EXERCISE DETAILS:
Please restate, word for word, the lines below that begin at the one with "Az ökológiai velúrbőrből" and end at the one with "А математиката, в". Leave out all other lines.

DATA RECORDS:
=== Begin Enclosure ===

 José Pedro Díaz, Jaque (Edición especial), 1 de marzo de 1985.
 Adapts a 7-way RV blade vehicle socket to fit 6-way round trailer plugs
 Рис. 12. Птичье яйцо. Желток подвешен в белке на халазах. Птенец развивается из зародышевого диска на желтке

=== End Enclosure ===
=== Begin Enclosure ===

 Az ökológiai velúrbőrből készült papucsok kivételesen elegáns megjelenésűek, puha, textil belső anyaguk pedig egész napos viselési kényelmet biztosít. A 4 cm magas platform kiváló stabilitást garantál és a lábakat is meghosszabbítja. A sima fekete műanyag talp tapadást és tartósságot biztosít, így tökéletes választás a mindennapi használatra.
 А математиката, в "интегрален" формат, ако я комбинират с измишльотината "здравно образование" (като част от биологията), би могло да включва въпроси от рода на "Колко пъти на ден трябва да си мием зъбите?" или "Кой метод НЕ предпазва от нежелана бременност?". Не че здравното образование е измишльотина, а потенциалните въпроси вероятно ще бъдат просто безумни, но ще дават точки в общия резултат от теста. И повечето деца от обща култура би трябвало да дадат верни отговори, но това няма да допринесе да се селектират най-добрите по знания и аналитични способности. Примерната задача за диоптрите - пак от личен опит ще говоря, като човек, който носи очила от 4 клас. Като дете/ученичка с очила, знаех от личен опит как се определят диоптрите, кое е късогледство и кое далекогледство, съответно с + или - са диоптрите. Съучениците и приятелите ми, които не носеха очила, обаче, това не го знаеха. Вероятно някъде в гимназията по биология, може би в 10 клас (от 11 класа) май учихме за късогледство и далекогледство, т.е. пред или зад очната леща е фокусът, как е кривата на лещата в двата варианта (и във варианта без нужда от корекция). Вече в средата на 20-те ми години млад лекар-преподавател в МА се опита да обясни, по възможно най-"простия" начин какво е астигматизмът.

=== End Enclosure ===

ANSWER SECTION:
 Az ökológiai velúrbőrből készült papucsok kivételesen elegáns megjelenésűek, puha, textil belső anyaguk pedig egész napos viselési kényelmet biztosít. A 4 cm magas platform kiváló stabilitást garantál és a lábakat is meghosszabbítja. A sima fekete műanyag talp tapadást és tartósságot biztosít, így tökéletes választás a mindennapi használatra.
 А математиката, в "интегрален" формат, ако я комбинират с измишльотината "здравно образование" (като част от биологията), би могло да включва въпроси от рода на "Колко пъти на ден трябва да си мием зъбите?" или "Кой метод НЕ предпазва от нежелана бременност?". Не че здравното образование е измишльотина, а потенциалните въпроси вероятно ще бъдат просто безумни, но ще дават точки в общия резултат от теста. И повечето деца от обща култура би трябвало да дадат верни отговори, но това няма да допринесе да се селектират най-добрите по знания и аналитични способности. Примерната задача за диоптрите - пак от личен опит ще говоря, като човек, който носи очила от 4 клас. Като дете/ученичка с очила, знаех от личен опит как се определят диоптрите, кое е късогледство и кое далекогледство, съответно с + или - са диоптрите. Съучениците и приятелите ми, които не носеха очила, обаче, това не го знаеха. Вероятно някъде в гимназията по биология, може би в 10 клас (от 11 класа) май учихме за късогледство и далекогледство, т.е. пред или зад очната леща е фокусът, как е кривата на лещата в двата варианта (и във варианта без нужда от корекция). Вече в средата на 20-те ми години млад лекар-преподавател в МА се опита да обясни, по възможно най-"простия" начин какво е астигматизмът.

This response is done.